Rabbi Samson Raphael Hirsh believes that the Israelites did not steal or take advantage of the Egyptians in the slightest. He comments that the Israelites “proved their sterling moral quality” during the three days of darkness when their oppressors were completely helpless in power, and all of the Egyptian treasures lay open in the houses, yet “No Jew took the opportunity to take advantage either against their persons or their possessions”. Because the Israelites did not take advantage of the Egyptians, the Torah is not justifying robbery from the Egyptians.
The question still remains; why were the Egyptians willing to give their riches to the Israelites? Ramban (Nachmanides) suggests that the gold and silver that the Egyptians gave to the Israelites represented atonement, admission of guilt, and a request for pardon. Thus in requesting and accepting Egyptian “gifts”, Ramban believed that perhaps the Israelites were also expressing their readiness to forgive their oppressors.
I disagree with Ramban. If the Egyptians gave gifts requesting forgiveness for enslaving the Israelites for 436 years, the remaining generations of Israelites could not accept and grant forgiveness to the Egyptians. In Judaism, one may only be forgiven by the individual who has been wronged and no one else may forgive on that individual’s behalf. The surviving Israelites had no right and no ability to forgive the Egyptians on behalf of the entire people that had been enslaved including those that had died, thus if the gifts represented atonement, the living Israelites would not have been permitted to accept and thereby forgive.
In the mid 300s BCE, Gaviha ben Pasisa argued that what the Israelites had taken was neither gift nor stolen property but rather reparations for the 436 years of slave labor, the suffering and the unpaid wages.
In 1951 the Israeli government debated the question of whether or not to seek “reparations” from the Germans. The Nazis had murdered six million Jew, destroyed Jewish owned businesses, and properties worth millions of dollars, used slave labor, and left hundreds of thousands sick, homeless and orphaned. Ben Gurion argued that although the losses could never fully be repaid, the State of Israel was justified in seeking $1.5 billion from Germany as “material reparations”. Although those that had been murdered could never be recompensed, the heirs should receive payment for the material. The Herut party objecting saying that the acceptance of payment would represent the “ultimate abomination” of those that had been murdered by the Nazis.

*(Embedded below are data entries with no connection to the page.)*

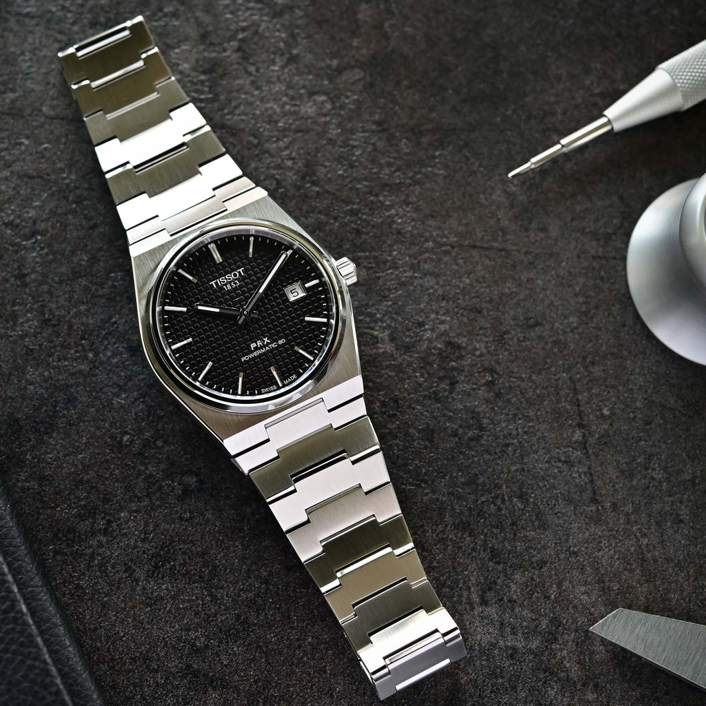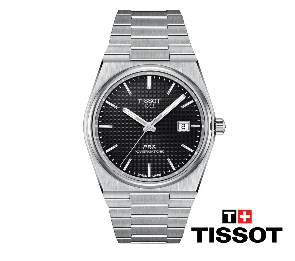 Tissot PRX Powermatic 80 Black Dial Silver Steel Strap Watch for Men - T137.407.11.051.00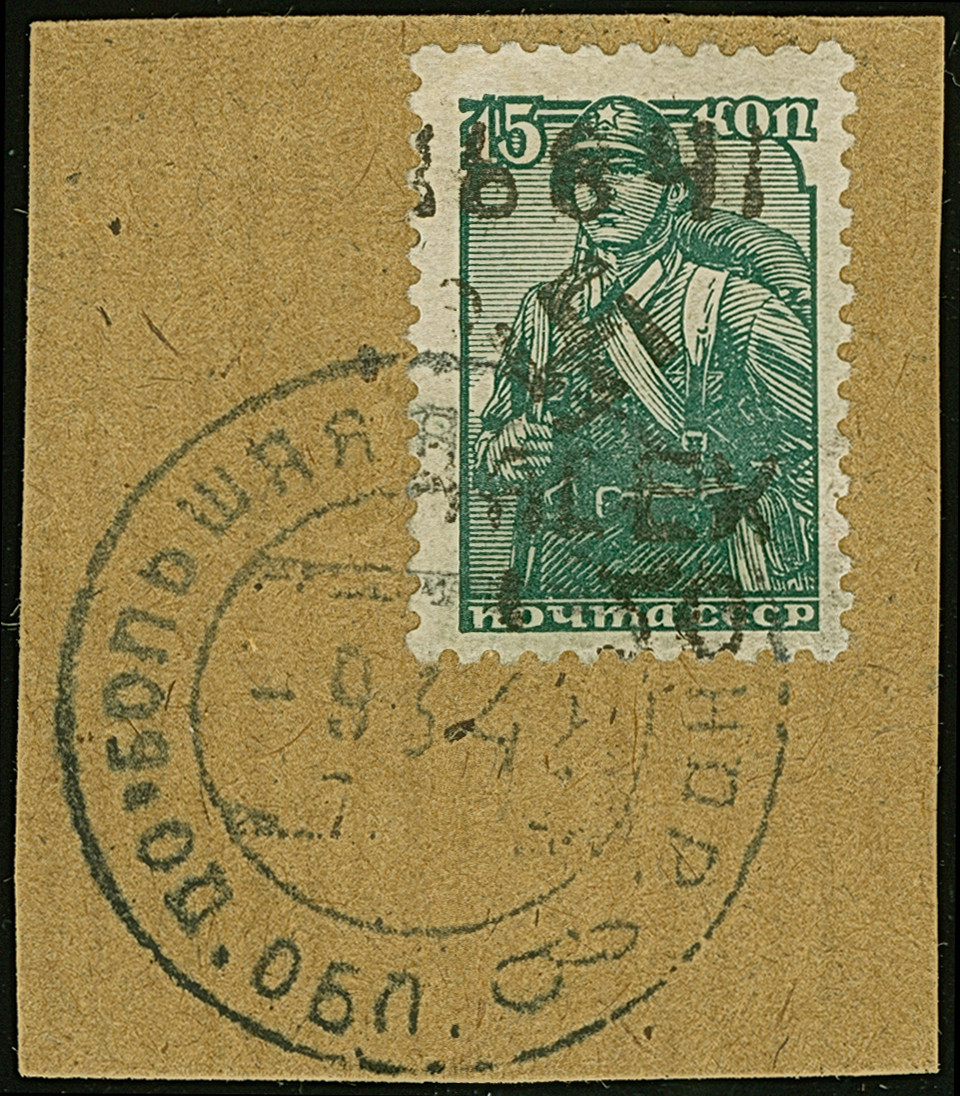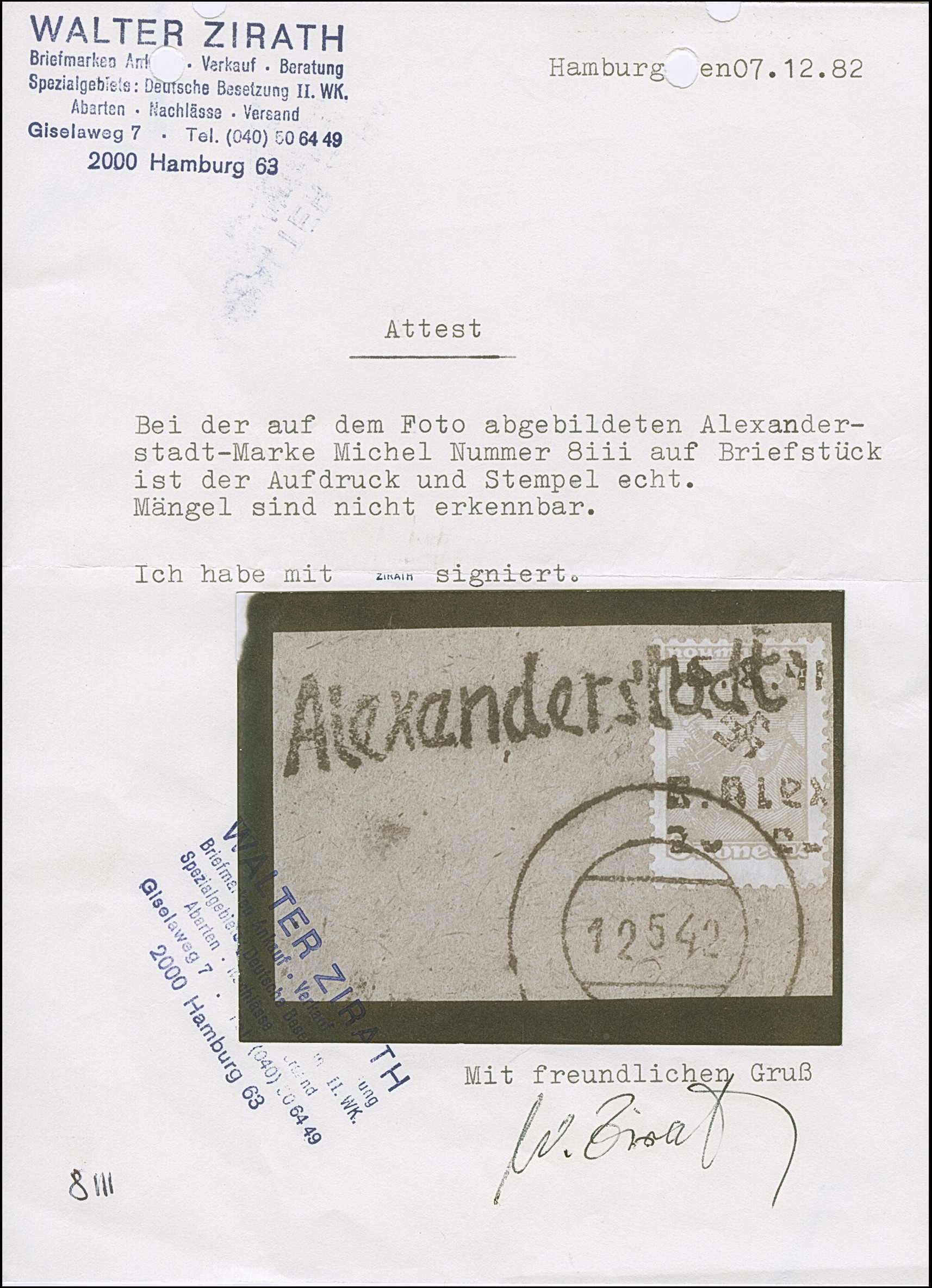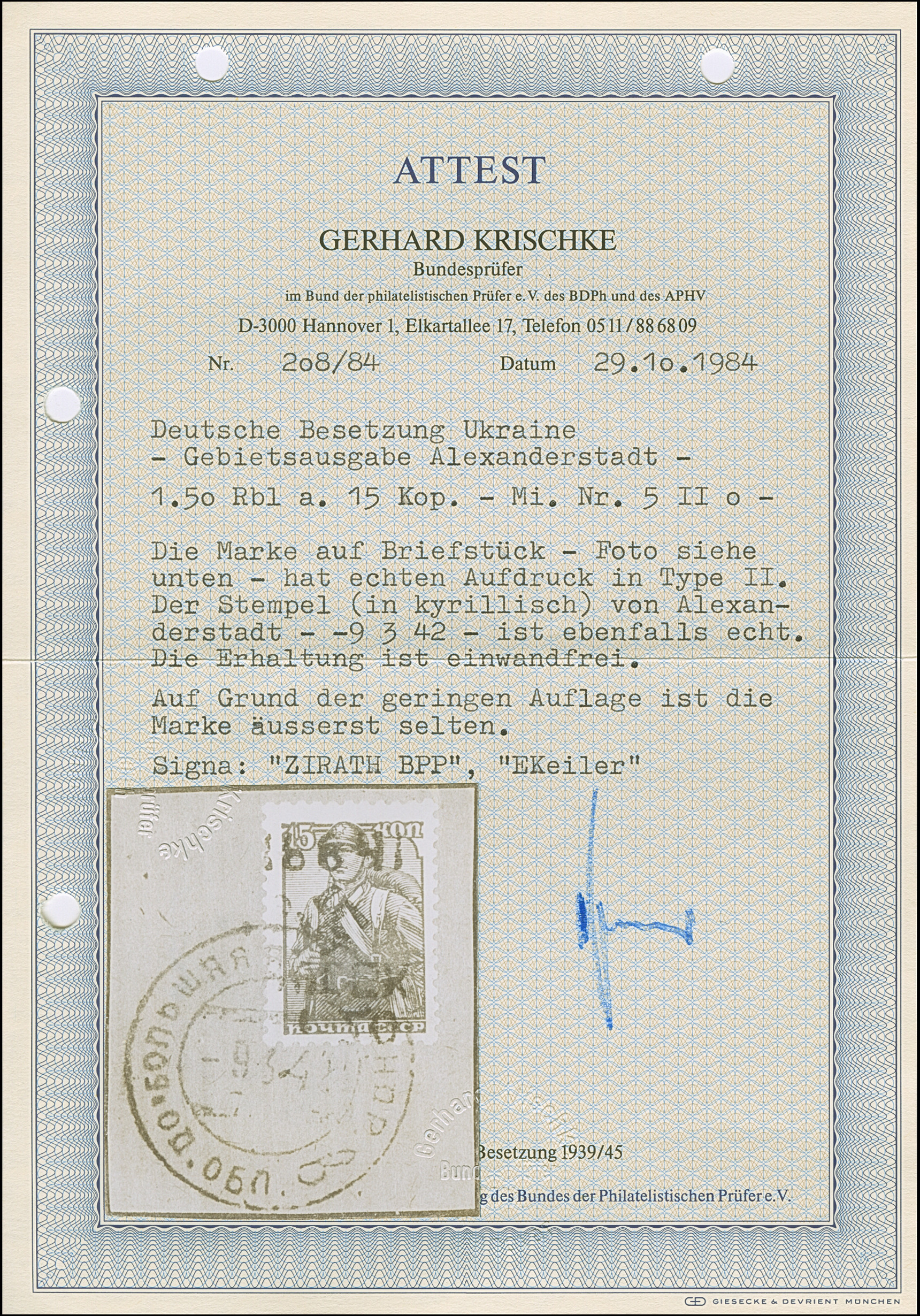 1942, Aufdrucktype II, Hakenkreuz 6mm: 1,50 Rubel auf 15 Kopeken dunkelgraugrün, farbfrisch und gut gezähnt, sauber mit kyrillischem Stempel “ALEXANDERSTADT -9 3 42” auf Briefstück, tadellos. Eine sehr seltene Marke, ProFi hat lediglich 8 gebrauchte Stücke registriert, sign. Zirath BPP sowie EKeiler und Fotoattest Krischke BPP (1984)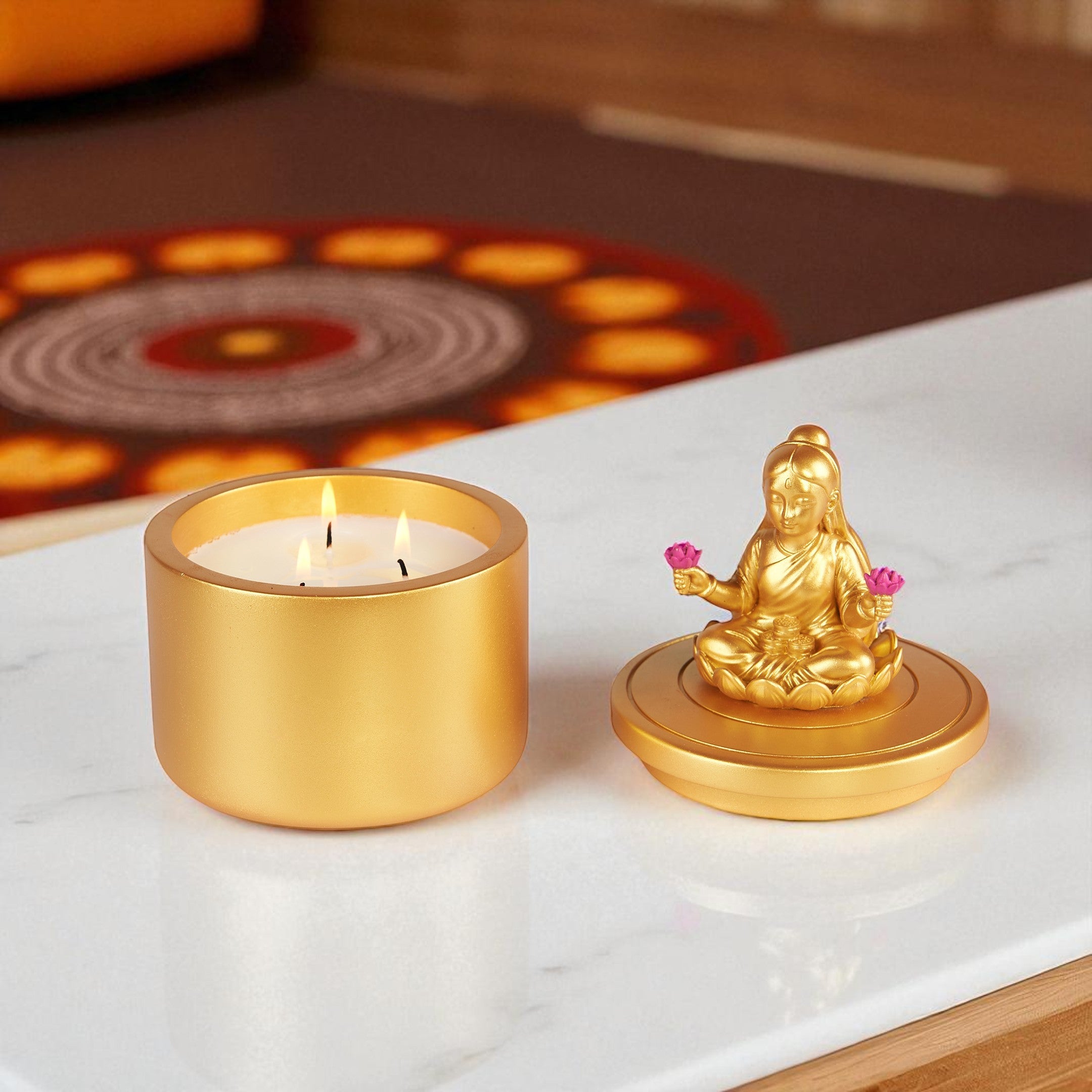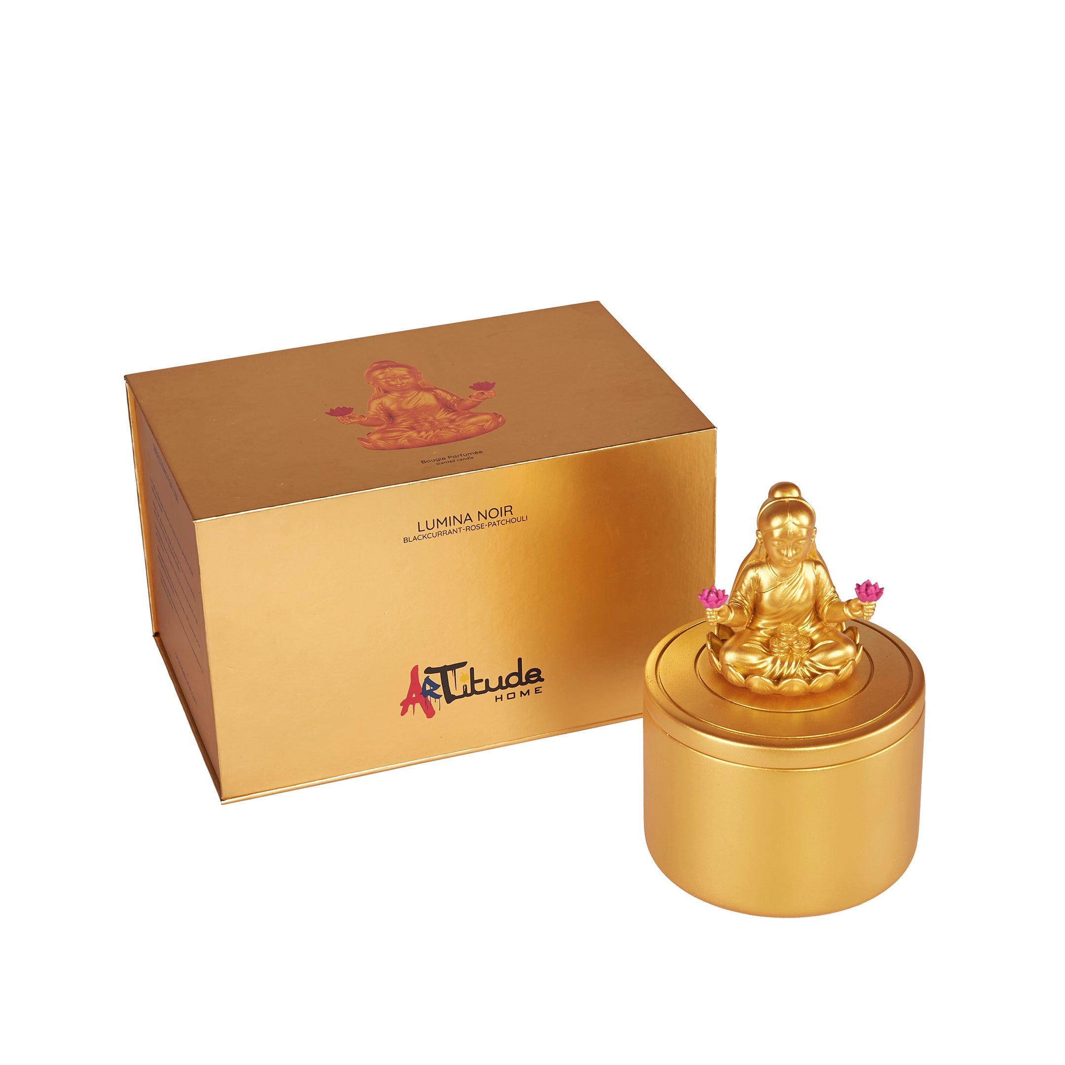 A luminous blend of grace and mystery. Lumina Noir channels the divine glow of Lakshmi through golden notes and soft floral depths. Let its radiant flame invite abundance, clarity, and feminine strength into your space.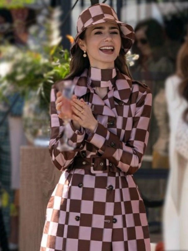 Emily In Paris S04 Lily Collins Checked Pink& Brown Coat

In 1952 the Knesset voted (61-50) to accept reparations.
The “reparations” from Germany to the Jewish people after the Shoah are parallel to the “gifts” of silver and gold that the Israelites took from the Egyptians. Is it possible to separate reparations for the material from the brutal cruelty? Can reparations ever be made for the suffering? A price cannot be placed on a life, or on six million lives, or the lives of an entire nation for 436 years of slavery. It may be possible to make reparations for the “material”. The Israelites had every right to accept the gifts of gold and silver just as Jews have every right to accept the money from the Germans, but true reparations can never be made.